→ **Activity**
Reproduce the whole listing below without its pictures, exactly as written.

→ **Given material**
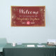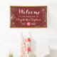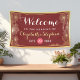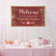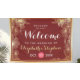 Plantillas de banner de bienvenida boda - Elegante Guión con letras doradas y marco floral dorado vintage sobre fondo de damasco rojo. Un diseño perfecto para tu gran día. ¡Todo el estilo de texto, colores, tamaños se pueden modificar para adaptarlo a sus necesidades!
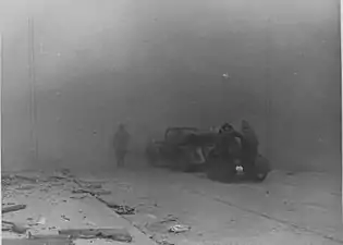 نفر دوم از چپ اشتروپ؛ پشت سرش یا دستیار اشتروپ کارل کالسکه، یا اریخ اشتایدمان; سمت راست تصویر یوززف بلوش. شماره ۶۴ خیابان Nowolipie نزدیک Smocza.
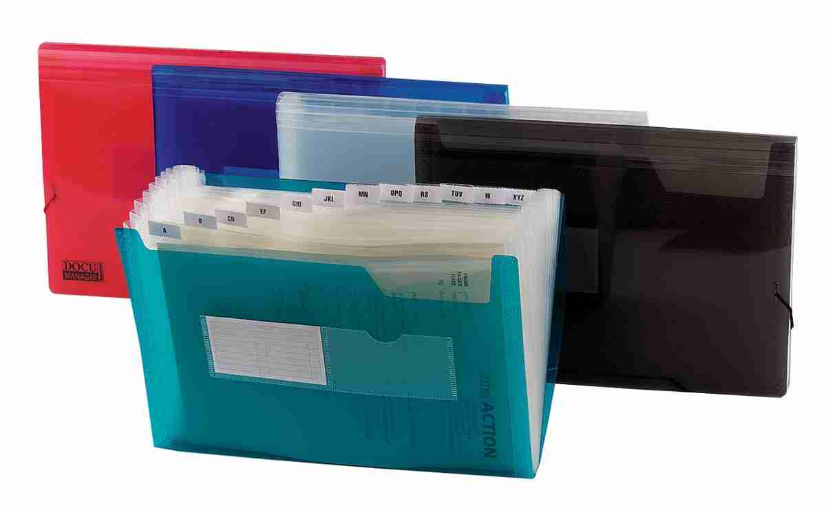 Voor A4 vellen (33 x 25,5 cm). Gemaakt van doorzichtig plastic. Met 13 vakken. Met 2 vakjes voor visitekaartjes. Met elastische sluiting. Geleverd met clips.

→ **Response**
 Plantillas de banner de bienvenida boda - Elegante Guión con letras doradas y marco floral dorado vintage sobre fondo de damasco rojo. Un diseño perfecto para tu gran día. ¡Todo el estilo de texto, colores, tamaños se pueden modificar para adaptarlo a sus necesidades!
 نفر دوم از چپ اشتروپ؛ پشت سرش یا دستیار اشتروپ کارل کالسکه، یا اریخ اشتایدمان; سمت راست تصویر یوززف بلوش. شماره ۶۴ خیابان Nowolipie نزدیک Smocza.
 Voor A4 vellen (33 x 25,5 cm). Gemaakt van doorzichtig plastic. Met 13 vakken. Met 2 vakjes voor visitekaartjes. Met elastische sluiting. Geleverd met clips.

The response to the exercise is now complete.